Line by line, set down all the data below exactly, omitting any picture.
** Opening PROVIDED ENTRIES block **
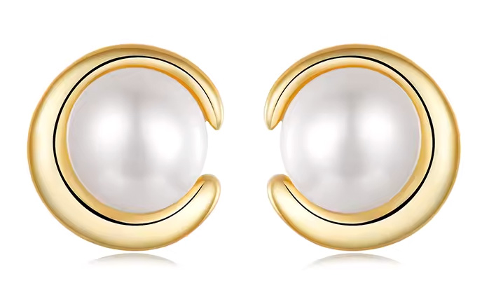 BAMOER σκουλαρίκια καρφωτά BSE1107 με λευκή πέρλα, ασήμι 925, χρυσό
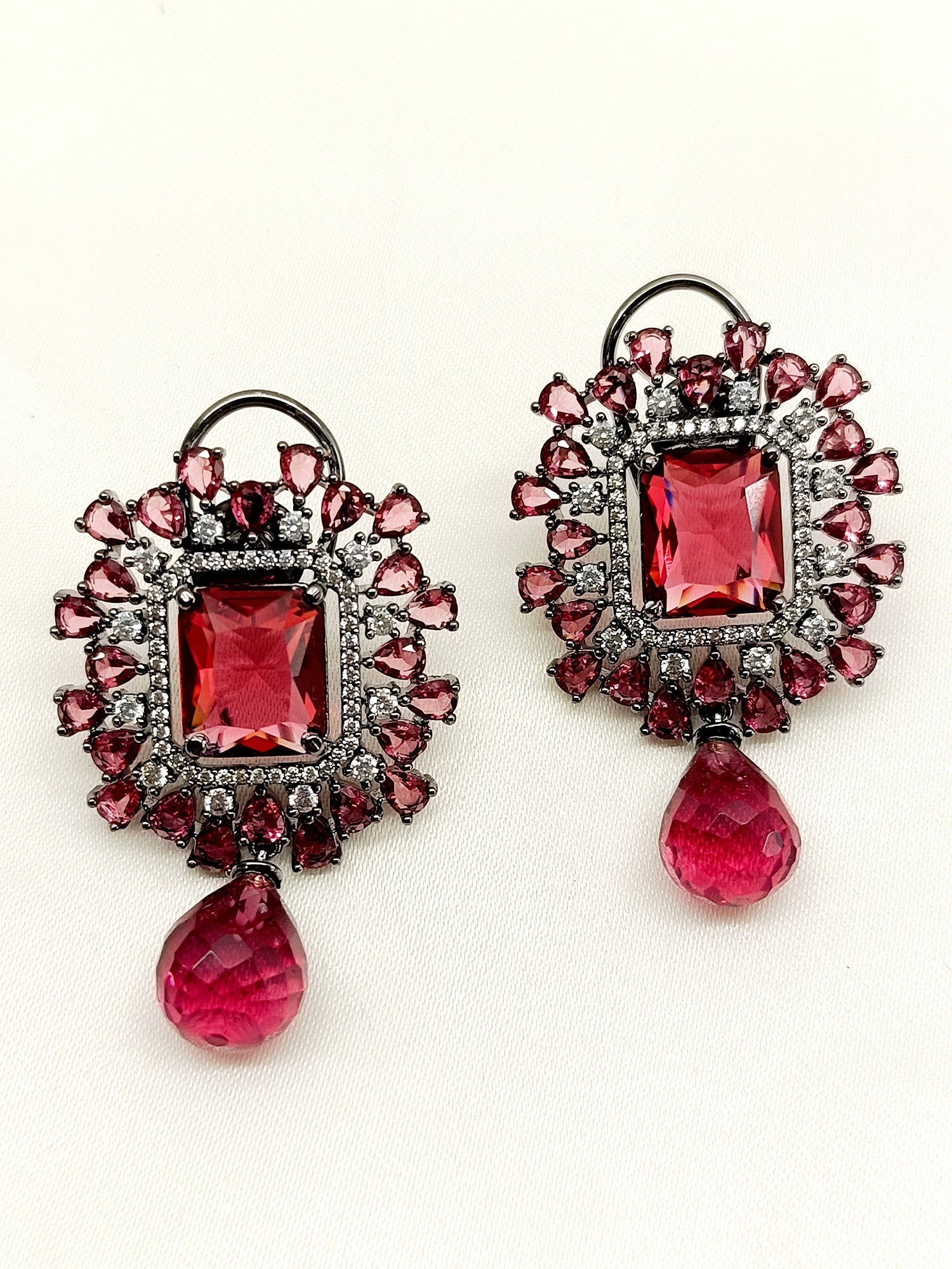 Rediscover timeless elegance with the Alizee Rose Pink Victorian Earrings, designed to infuse every ensemble with grace and poise. These earrings are crafted from black polished brass metal, ensuring both resilience and style, making them an ideal choice for various occasions.
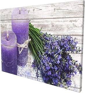MSGUIDE パープルキャンドルとラベンダーの花 壁装飾 絵画 プリント フレーム入りキャンバスプリント アートワーク 壁アート バスルーム 寝室 キッチン 素朴なホームデコレーション 16x12インチ
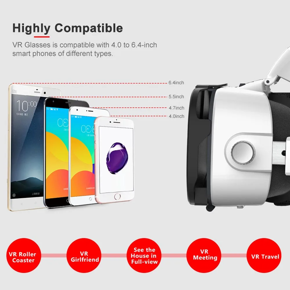 VR Headset Virtual Reality Headset 3D Glasses for smartphones Support 4.7-6.53 inch
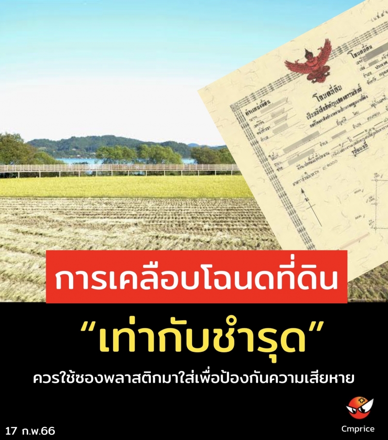 | • ต้องรู้! การเคลือบโฉนดที่ดิน เท่ากับชำรุด ควรใช้ซองพลาสติกมาใส่เพื่อป้องกันความเสียหาย |
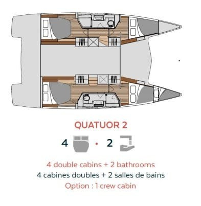| 4 cabines double 1 carre transformable pour 1 couchage double 2 salles de bain |
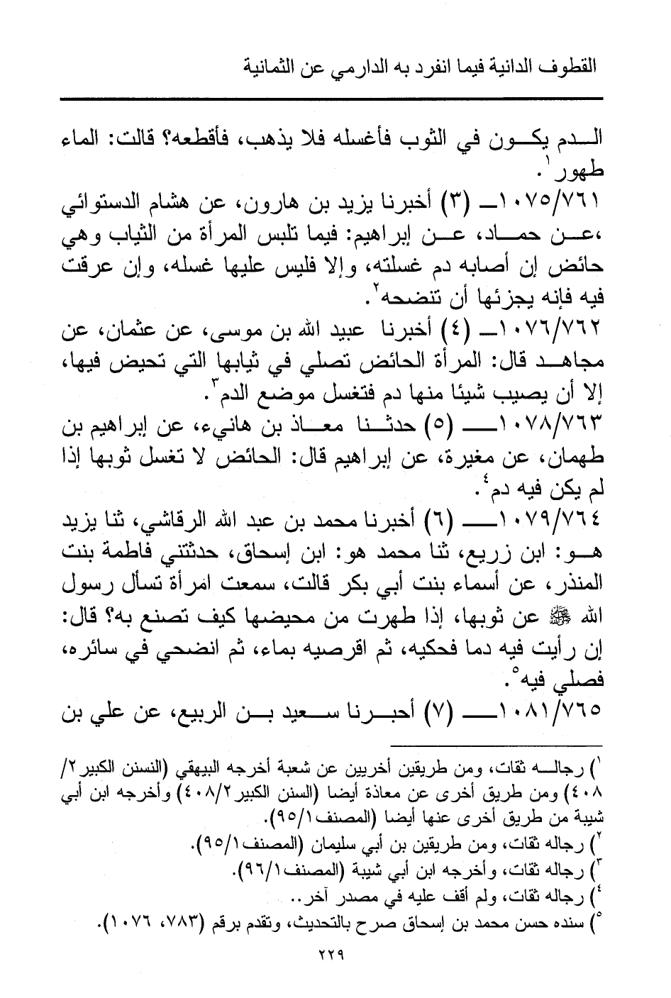 764/ 1079 - (6) أخبرنا محمد بن عبد الله الرقاشي، ثنا يزيد هو: ابن زريع، ثنا محمد هو: ابن إسحاق، حدثتني فاطمة بنت المنذر، عن أسماء بنت أبي بكر قالت، سمعت امرأة تسأل رسول الله - صلى الله عليه وسلم - عن ثوبها، إذا طهرت من محيضها كيف تصنع به؟ قال: إن رأيت فيه دما فحكيه، ثم اقرصيه بماء، ثم انضحي في سائره، فصلي فيه (¬5).
** Closing PROVIDED ENTRIES block **
### ANSWER BELOW
 BAMOER σκουλαρίκια καρφωτά BSE1107 με λευκή πέρλα, ασήμι 925, χρυσό
 Rediscover timeless elegance with the Alizee Rose Pink Victorian Earrings, designed to infuse every ensemble with grace and poise. These earrings are crafted from black polished brass metal, ensuring both resilience and style, making them an ideal choice for various occasions.
MSGUIDE パープルキャンドルとラベンダーの花 壁装飾 絵画 プリント フレーム入りキャンバスプリント アートワーク 壁アート バスルーム 寝室 キッチン 素朴なホームデコレーション 16x12インチ
 VR Headset Virtual Reality Headset 3D Glasses for smartphones Support 4.7-6.53 inch
 | • ต้องรู้! การเคลือบโฉนดที่ดิน เท่ากับชำรุด ควรใช้ซองพลาสติกมาใส่เพื่อป้องกันความเสียหาย |
| 4 cabines double 1 carre transformable pour 1 couchage double 2 salles de bain |
 764/ 1079 - (6) أخبرنا محمد بن عبد الله الرقاشي، ثنا يزيد هو: ابن زريع، ثنا محمد هو: ابن إسحاق، حدثتني فاطمة بنت المنذر، عن أسماء بنت أبي بكر قالت، سمعت امرأة تسأل رسول الله - صلى الله عليه وسلم - عن ثوبها، إذا طهرت من محيضها كيف تصنع به؟ قال: إن رأيت فيه دما فحكيه، ثم اقرصيه بماء، ثم انضحي في سائره، فصلي فيه (¬5).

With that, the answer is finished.